# Charlotte NC Lumber



## Firefighter (Oct 21, 2010)

I am hoping that someone can tell me where to get lumber for a decent price in the Charlotte area. Woodcraft is the only place I know and I don't think the prices are too good. Thanks for the help.


----------



## sbryan55 (Dec 8, 2007)

When I see requests like this my general advise is to look on Craigslist to see if there are any hardwood deals posted. Here is a current listing for hardwood lumber in the materials section of Craigslist for the Charlotte area. There may be something there that will be of interest to you.

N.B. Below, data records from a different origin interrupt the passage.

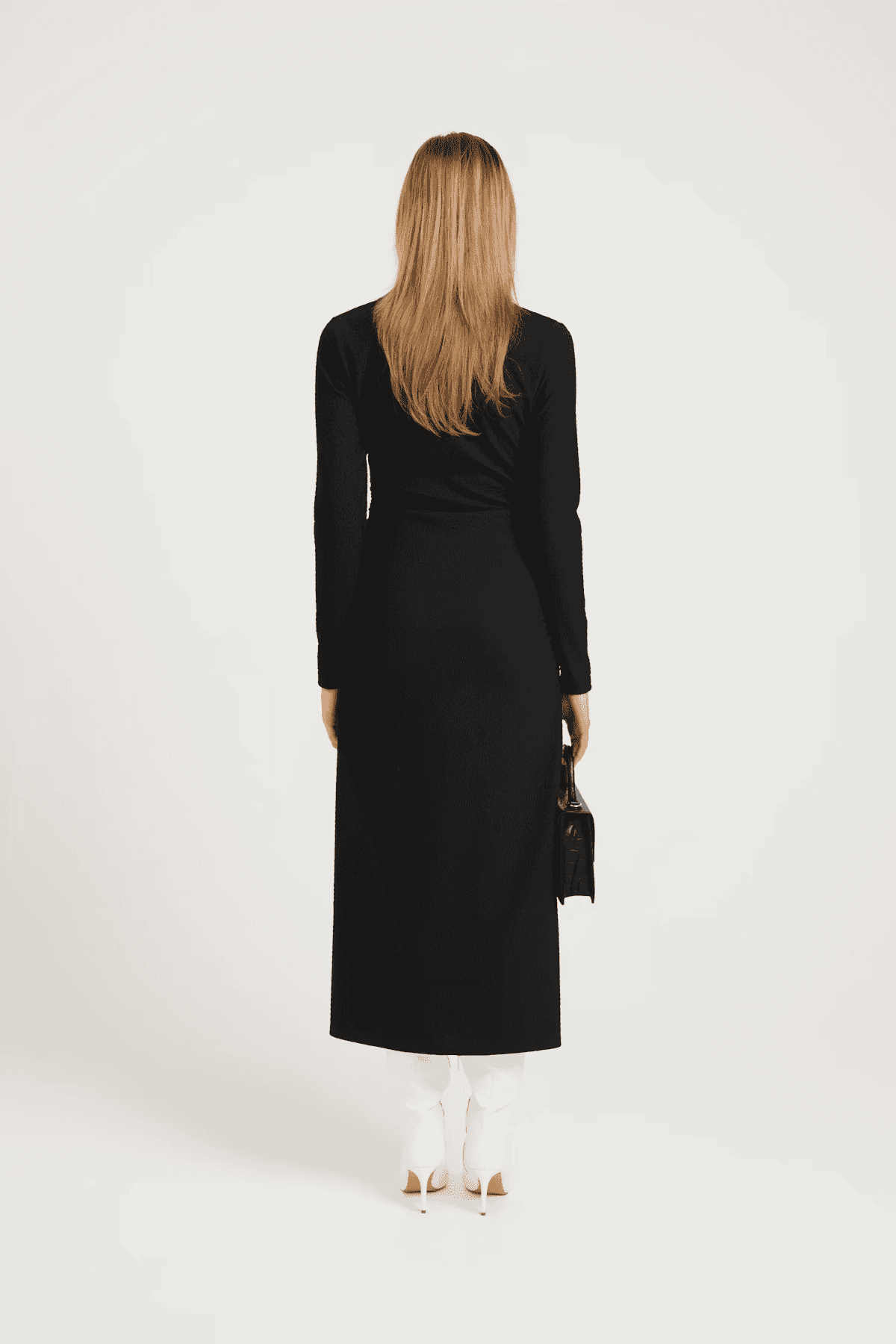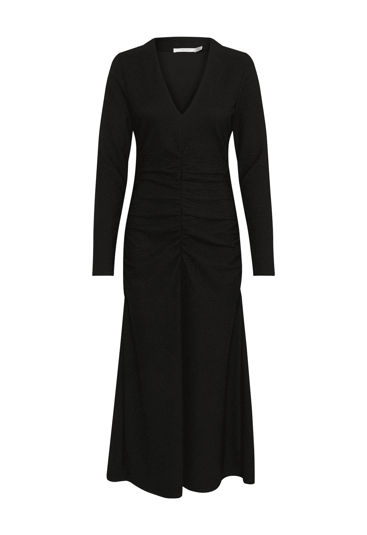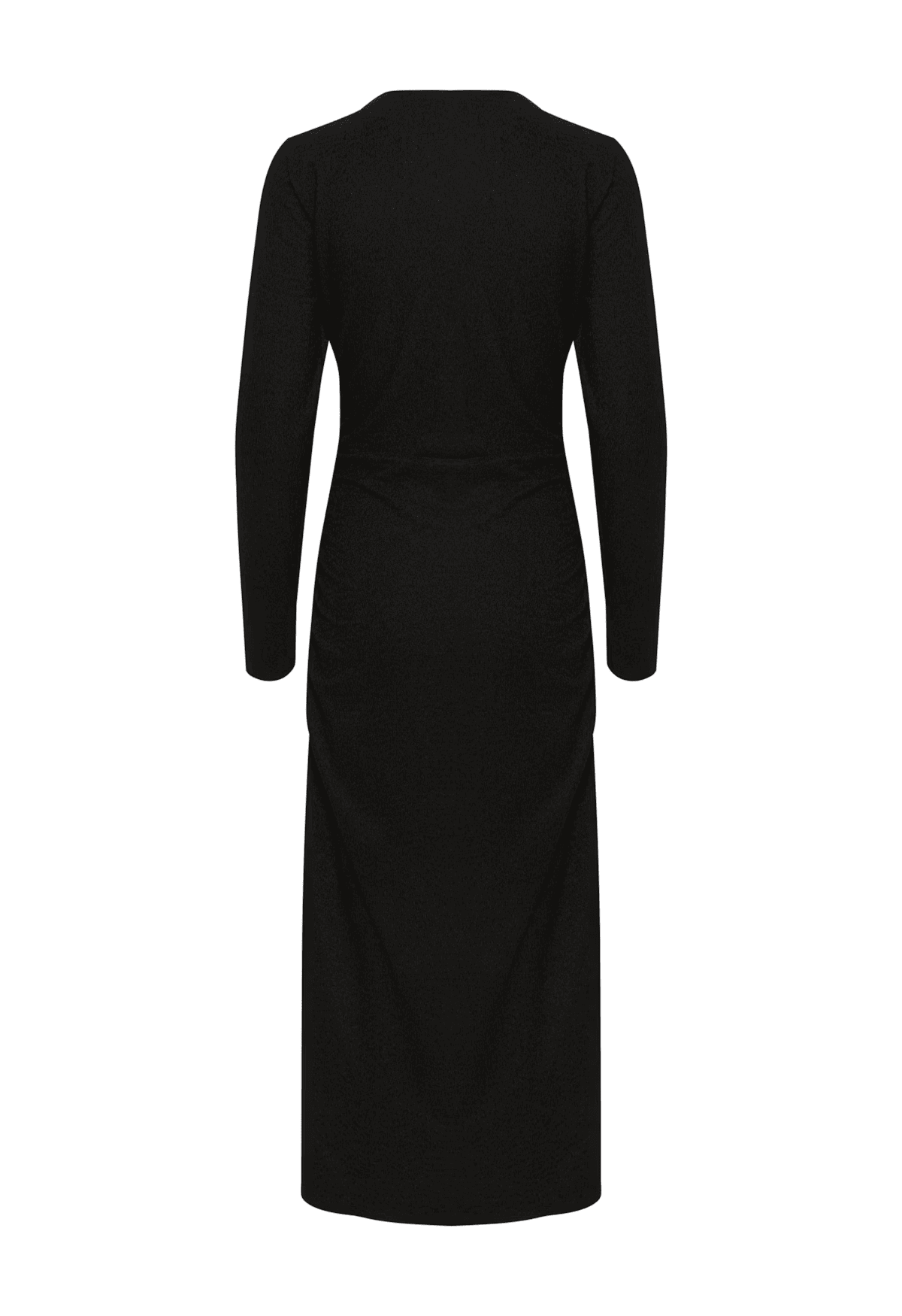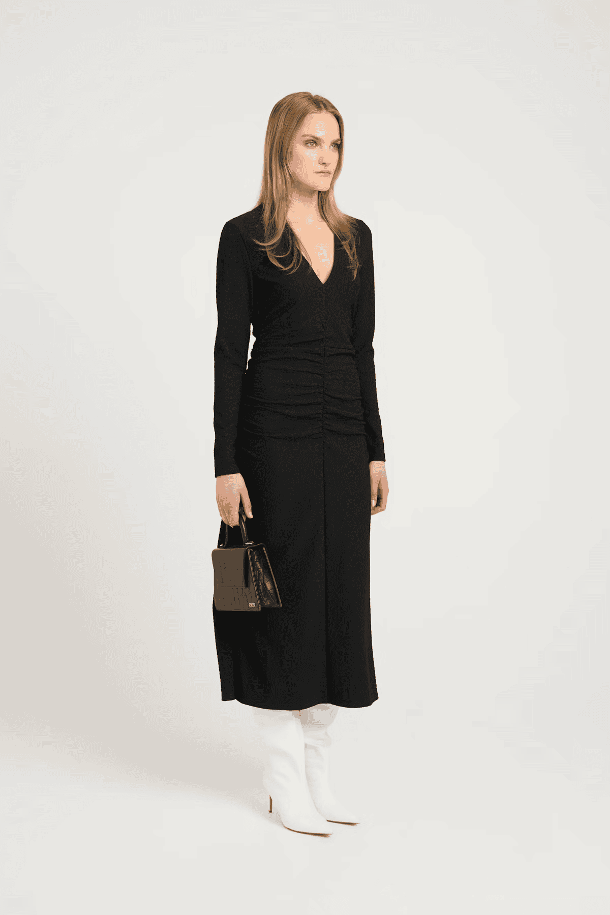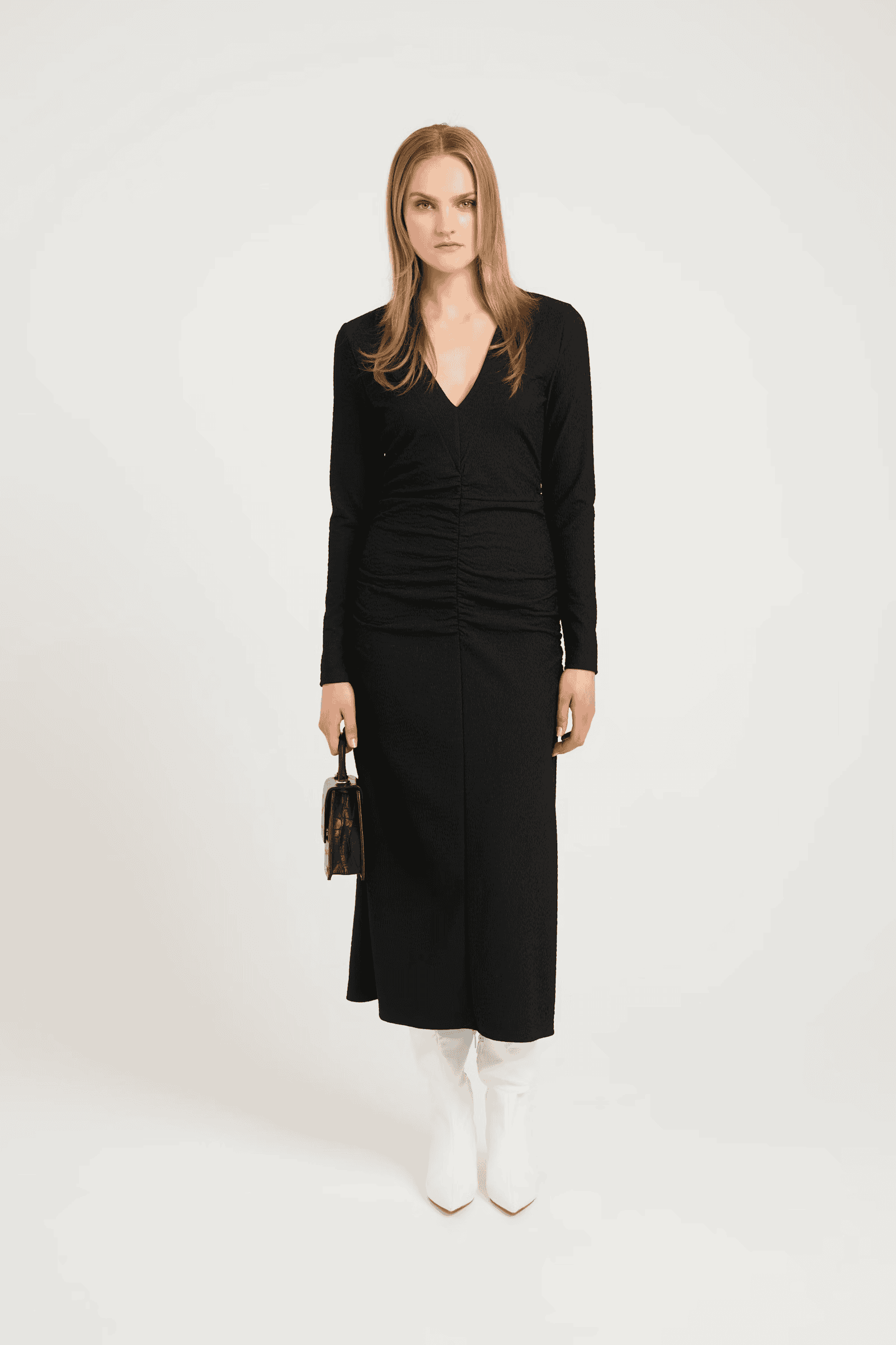 The Gestuz ShillaGZ dress in black is a simple yet stunning long, plain black dress with long sleeves, a v-neck and ruching down the front centre seam which creates a flattering fit when on. This dressed can be worn during the day with boots or ballet flats and then dressed up for special occasions with heels and jewellery.
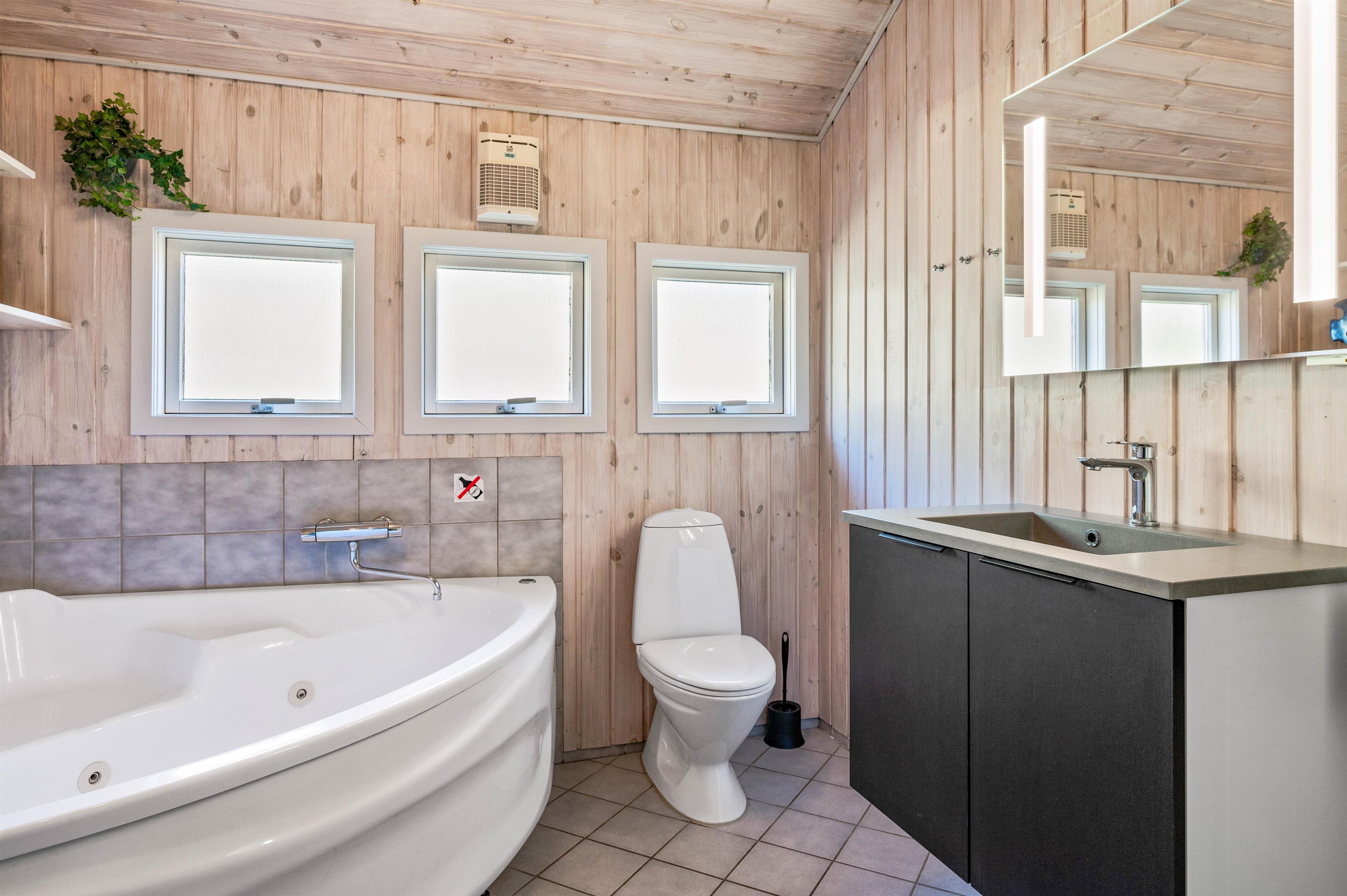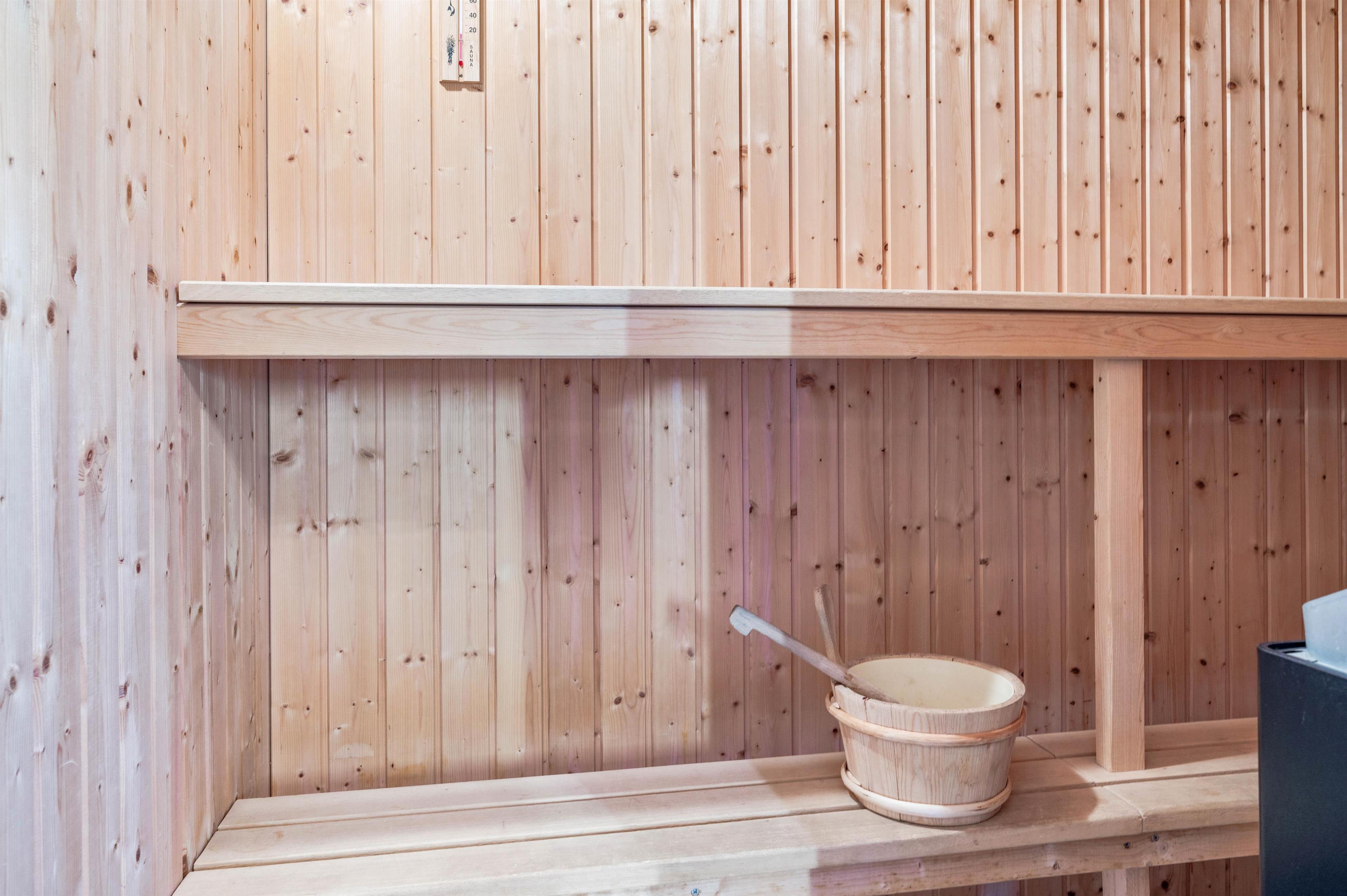 The holiday home also includes a sauna and whirlpool, perfect for unwinding after an active day. Four comfortable bedrooms with laminate flooring provide two double beds and three single beds.
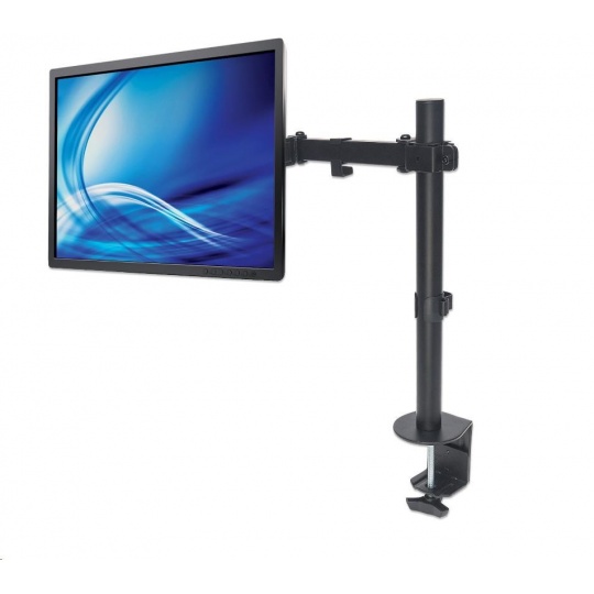 LCD-monitor installation above the desk helps maximize the effectiveness of a potential workspace. The Manhattan Universal Monitor Mount with Double-Link Swing Arm improves organization on the desktop, making it easier to get work done on the computer.

Deals on Craigslist do not come along every day but some good buys can be found with patience.


----------



## petemohr (Dec 11, 2009)

Check out:
http://www.ncwoodworker.net/

Lots of sources and lots of good people.
Kyle Edwards (Sawmill Inc) in Iron Station and Rick Dinardo (The Woodworkers Source) In Mooresville are good guys and have some good lumber at great prices.

pete


----------



## Bobmedic (Sep 24, 2010)

This is a great place to look. Lumber


----------



## Sawmillnc (Jan 14, 2010)

Thanks Pete!


----------



## DamnYankee (May 21, 2011)

I usually end up over at Wurth Wood Group off of Billy Graham on Morris Field Dr


----------



## bubinga (Feb 5, 2011)

Search by zip code, you can find saw mills, and other, here, http://www.woodfinder.com/


----------